3D.2 The use of satellite-derived Total Precipitable Water (TPW) imagery for identifying Saharan Air Layers affecting tropical cyclones

Monday, 10 May 2010: 1:30 PM
Tucson Salon A-C (JW MArriott Starr Pass Resort)
Evan B. Forde, NOAA/AOML/CSND, Miami, FL; and M. L. Black and J. Dunion

This study uses Special Sensor Microwave/Imager (SSM/I) derived total precipitable water (TPW) imagery to identify Atlantic basin tropical cyclones (TCs) in close proximity to Saharan Air Layers (SALs) and compares this method with the GOES multipectral SAL imaging techniques developed by Dunion and Velden (2004). While TPW products have low temporal resolution, they can provide additional details about SAL and TC structure, such as asymmetries and moisture gradients that aid in interpreting SAL and TC interactions. Preliminary analyses of TPW imagery from this study reveal that many TCs have been in close proximity to SALs during some phase of their life cycle with different outcomes.

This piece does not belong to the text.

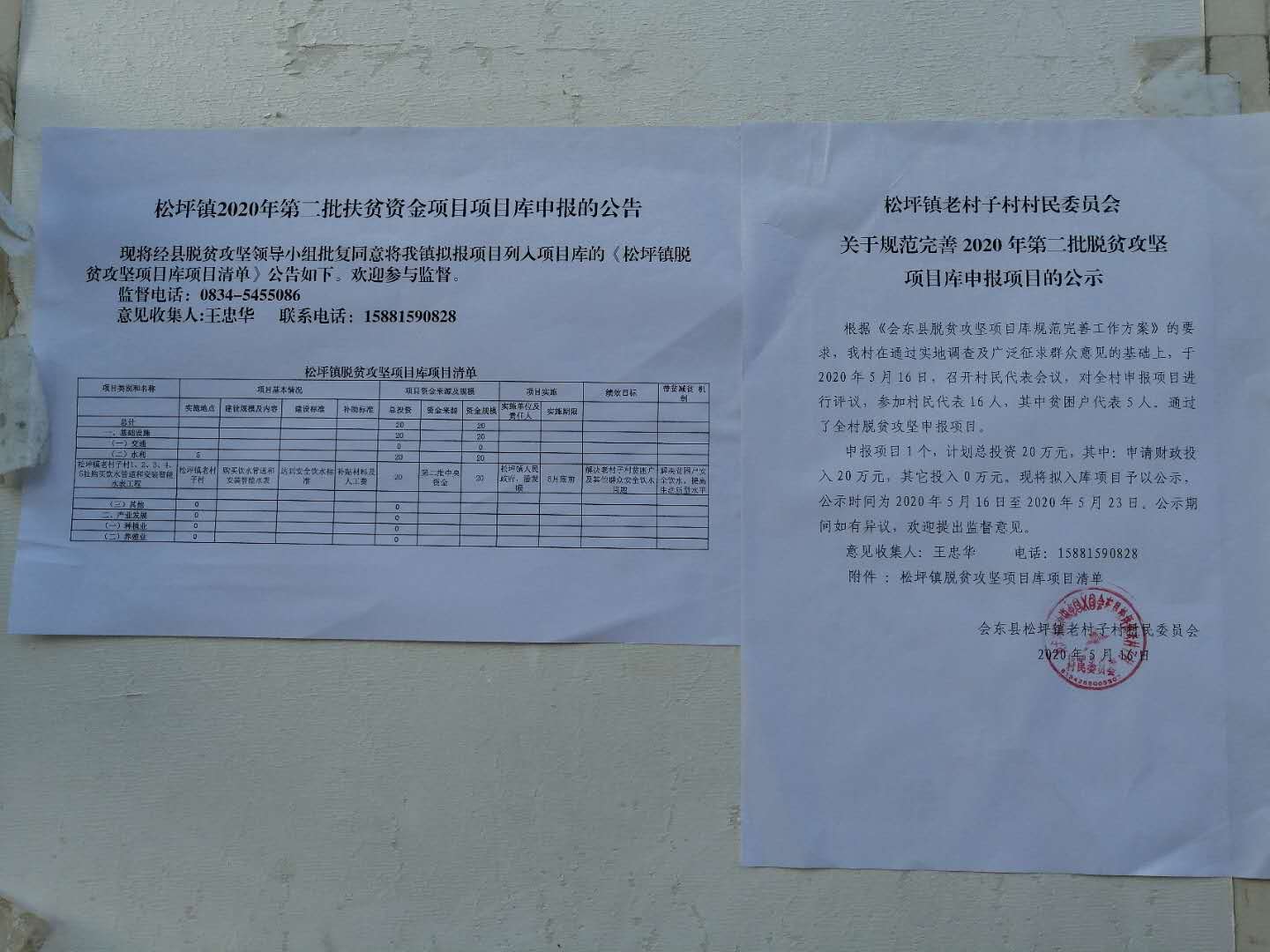 松坪镇老村子村村民委员会关于规范完善2020年第二批脱贫攻坚项目库申报的公示

Some TCs imbedded within or near SALs showed no discernable effect on their development and intensification, while others remained relatively weak or dissipated, perhaps as a result of the interaction with the SAL. TPW imagery, able to resolve moisture levels beneath cirrus clouds, reveals that sometimes the low humidity SAL air surrounding TCs is being entrained in the outer circulation bands without penetrating the TC inner circulation core. In other cases, the dry air spirals close to the center. Comparisons of the SAL and TC structure from TPW and GOES imagery will be discussed and some pertinent case studies will be described.